Aim of the exercise >>
Only text lines belong in the answer: the lines from the first one in the records through the line with "DJ Desk stand", copied exactly.
(Data extracts begins)
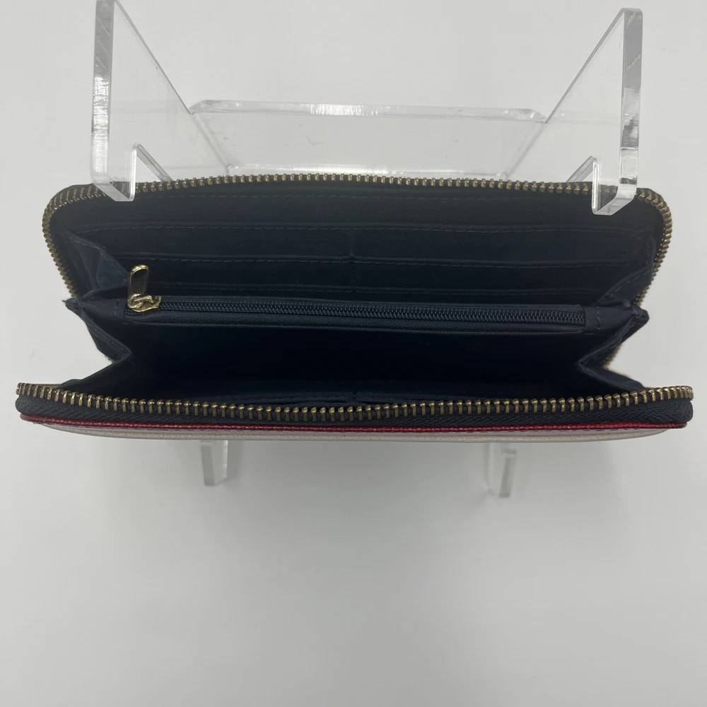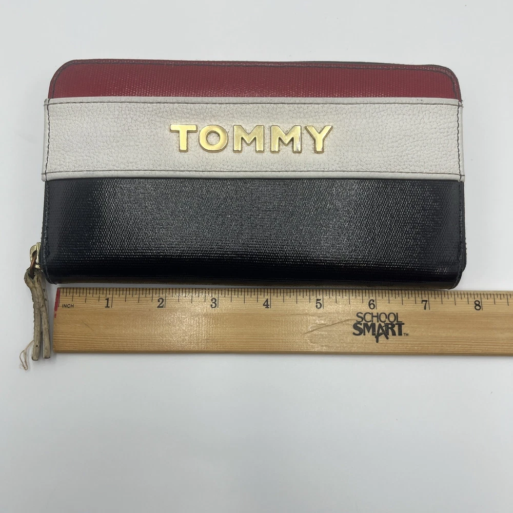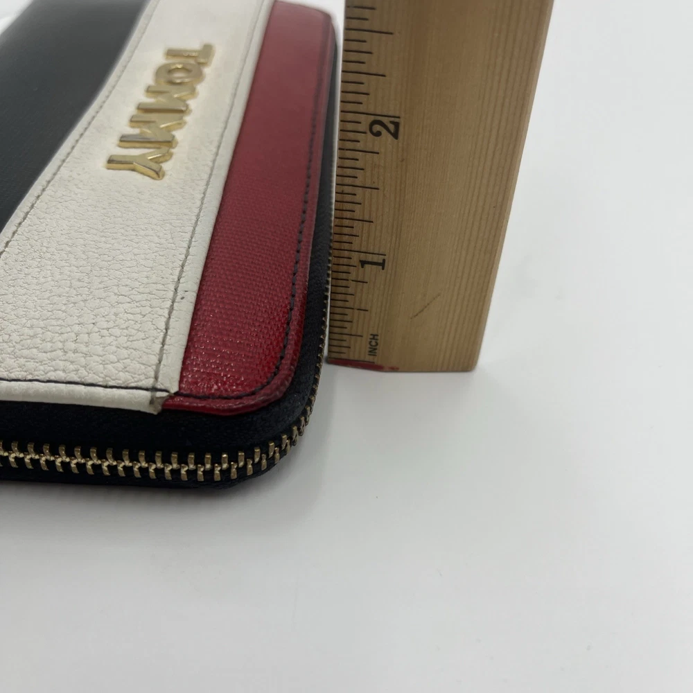 Womens Tommy Hilfiger Striped Logo Zip Wallet Clutch Red White Blue Color Block Very clean. Please note photos for very occasional signs of use. Z
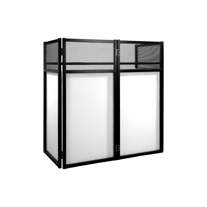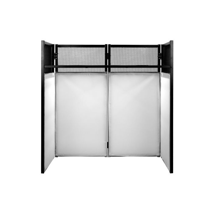 DJ Desk stand allowing you to install your DJ equipment professionally and hide your control room. This all-in-one solution is ideal for any facilitator looking for a system that is easy to set up and transport. White lycras and metal table.
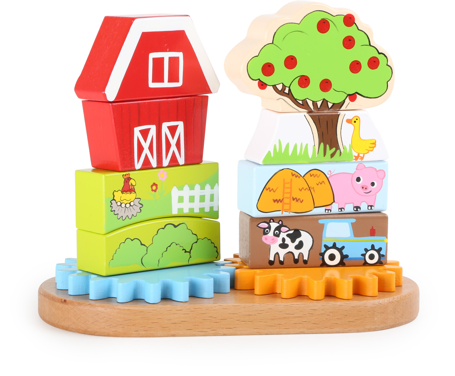 Bei diesem Steckspiel sollen die unterschiedlichen Bausteine auf die 2 Stäbe so angeordnet werden, dass am Ende dieser Bauernhof entsteht. Das erfordert räumliches Vorstellungsvermögen, um stets die richtigen Formen zu finden. Spielerisch erfahren Kinder so die Eigenschaften unterschiedlicher geometrischer Figuren. Wer an den beiden Zahnrädern dreht, kann Tiere und Scheune um die eigene Achse drehen lassen. So wird auch die Feinmotorik spielerisch gefördert.
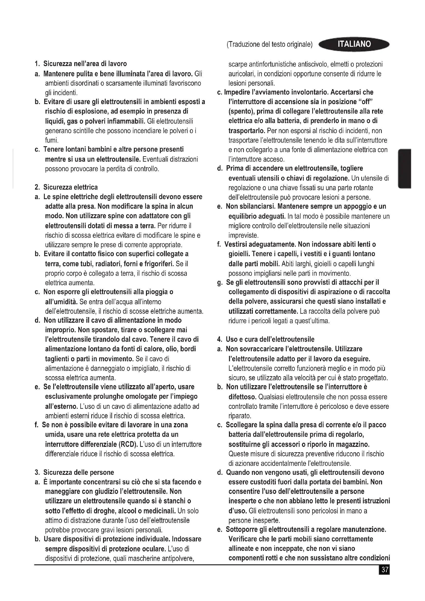 a. Non sovraccaricare l’elettroutensile. Utilizzare l’elettroutensile adatto per il lavoro da eseguire. L’elettroutensile corretto funzionerà meglio e in modo più sicuro, se utilizzato alla velocità per cui è stato progettato. b. Non utilizzare l’elettroutensile se l’interruttore è difettoso. Qualsiasi elettroutensile che non possa essere controllato tramite l’interruttore è pericoloso e deve essere riparato. c. Scollegare la spina dalla presa di corrente e/o il pacco batteria dall’elettroutensile prima di regolarlo, sostituirne gli accessori o riporlo in magazzino. Queste misure di sicurezza preventive riducono il rischio di azionare accidentalmente l’elettroutensile. d. Quando non vengono usati, gli elettroutensili devono essere custoditi fuori dalla portata dei bambini. Non consentire l’uso dell’elettroutensile a persone inesperte o che non abbiano letto le presenti istruzioni d’uso. Gli elettroutensili sono pericolosi in mano a persone inesperte. e. Sottoporre gli elettroutensili a regolare manutenzione. Vericare che le parti mobili siano correttamente allineate e non inceppate, che non vi siano componenti rotti e che non sussistano altre condizioni38 (Traduzione del testo originale) ITALIANO che possono compromettere il funzionamento dell’elettroutensile. Se danneggiato, far riparare l’elettroutensile prima dell’uso. Molti incidenti sono provocati da elettroutensili non sottoposti a corretta manutenzione. f. Mantenere aflati e puliti gli utensili da taglio. La manutenzione corretta degli utensili da taglio con bordi aflati riduce le probabilità di inceppamento e ne facilita il controllo. g. Utilizzare l’elettroutensile, gli accessori, le punte, ecc. in conformità alle presenti istruzioni, tenendo conto delle condizioni operative e del lavoro da eseguire. L’utilizzo dell’elettroutensile per impieghi diversi da quelli previsti può dare luogo a situazioni di pericolo.
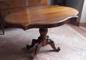 Tavolo retto da balaustro tornito terminante con gambe mosse intagliate con motivi a rocaille. Piano sagomato a biscotto con fascia sottostante impiallacciata in radica di noce.
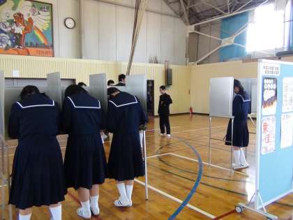 生徒会役員選挙に参加しました 公開日 2012/03/16 更新日 2012/03/16 1年生より 1年生にとって,2回目となる生徒会役員選挙に参加しました。立候補者の演説を聞き,みんなが青海中学校のために頑張りたいという気持ちをあらためて,確認しました。 その後,ぜひ,生徒会役員として頑張って欲しいという人を投票しました。緊張感のある選挙となりました。 いいね(0)
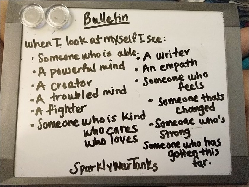 Approaching the fill-ins are your choice. What you feel you need to reflect and come to terms with, you can place in the blanks. Whether you want to reflect on your mental health, past, present, or goals will guide your responses.
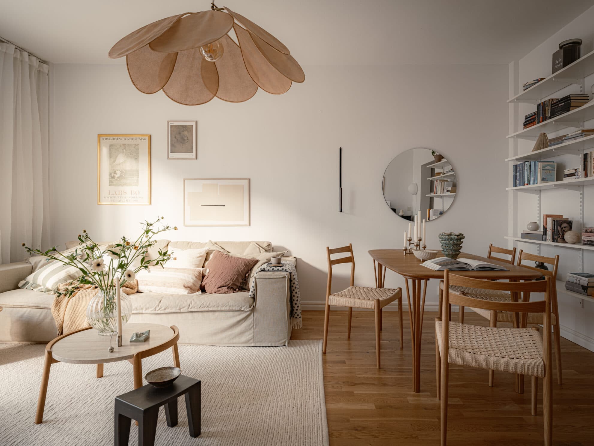 Vardagsrummet är generöst tilltaget och rymmer med lätthet både en inbjudande soffgrupp och ett större matsalsbord för långa middagar i gott sällskap. Härifrån nås den rymliga träaltanen – ett underbart extrarum under årets varmare månader, där eftermiddagssolen bjuder in till lata kaffestunder och stämningsfulla grillkvällar. Ljus parkett samspelar vackert med vitmålade väggar, och de stora fönsterpartierna tillsammans med den generösa takhöjden skapar ett fantastiskt ljusflöde och en luftig atmosfär.
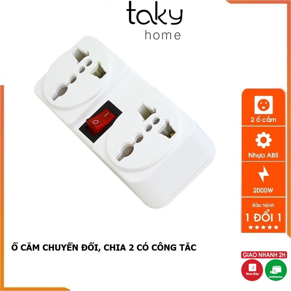 Thiết Bị Điện Gia Dụng > Mạch điện & Phụ tùng > Ổ cắm điện & Dây nối || Phích Cắm Chia 2 Ổ Cắm Kèm Công Tắc, Chuyển Từ 1 Ổ Sang 2 Ổ 3 Chấu, Công Suất 2000W, ABS chống cháy - TakyHome 8606Còn hàng
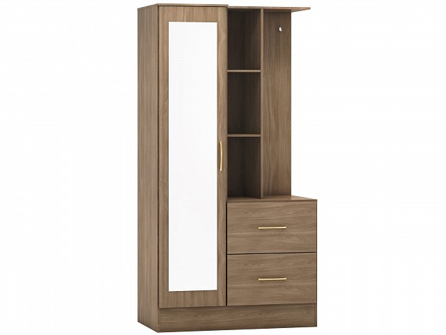 Nevada mirrored open shelf wardrobe - Rustic oak effect
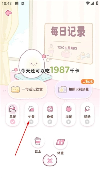在每日记录页面,点击午餐选项,进入添加午餐页面。
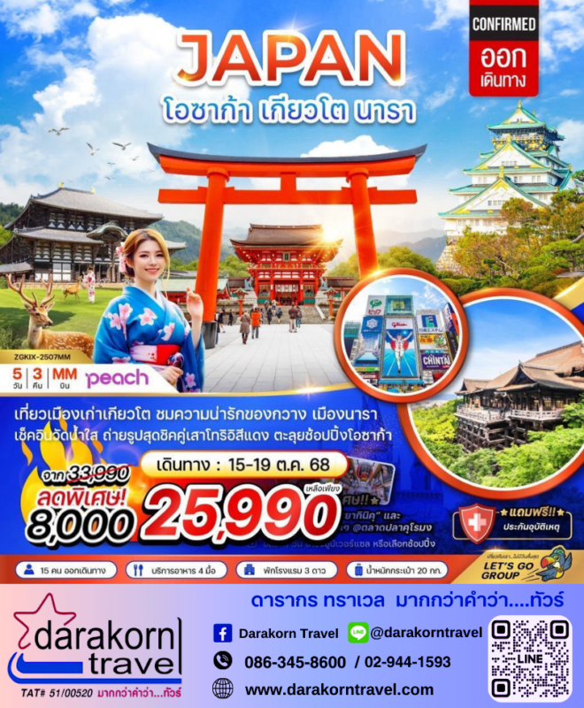 โปรไฟไหม้ ทัวร์ญี่ปุ่น โอซาก้า เกียวโต นารา 5วัน3คืน โปรแรง ลดราคาสูงสุด 8000 จองด่วน Posted on October 6, 2025October 6, 2025 by Sales Darakorn Travel 06 Oct ทัวร์ญี่ปุ่น โอซาก้า เกียวโต นารา 5วัน3คืน โปรแรง ลดราคาสูงสุด 8000 จองด่วน เที่ยวเมืองเก่าเกียวโจ ชมความน่ารักของกวาง เช็คอินหมู่บ้านวัดน้ำใส ถ่ายรูปคู่เสาโทริอิสีแดง ตะลุยช้อปปิ้งโอซาก้า วันเดินทาง 15 – 19 ต.ค. 68 จากราคา 33,990.- เหลือเพียง 25,990.- Facebook iconFacebookTwitter iconTwitterLINE iconLine Sales Darakorn Travel ทัวร์ญี่ปุ่น โตเกียว นาริตะ ฟูจิ ชมดอกใครเชีย 5วัน4คืน โปรแรง ลดราคาสูงสุด 8000 จองด่วน ทัวร์ญี่ปุ่น โตเกียว ฮาเนดะ ฟูจิ อิบารากิ ใบไม้เปลี่ยนสี 6วัน4คืน โปรแรง ลดราคาสูงสุด 4000 จองด่วน
(Data extracts ends)
Exercise output >>
 Womens Tommy Hilfiger Striped Logo Zip Wallet Clutch Red White Blue Color Block Very clean. Please note photos for very occasional signs of use. Z
 DJ Desk stand allowing you to install your DJ equipment professionally and hide your control room. This all-in-one solution is ideal for any facilitator looking for a system that is easy to set up and transport. White lycras and metal table.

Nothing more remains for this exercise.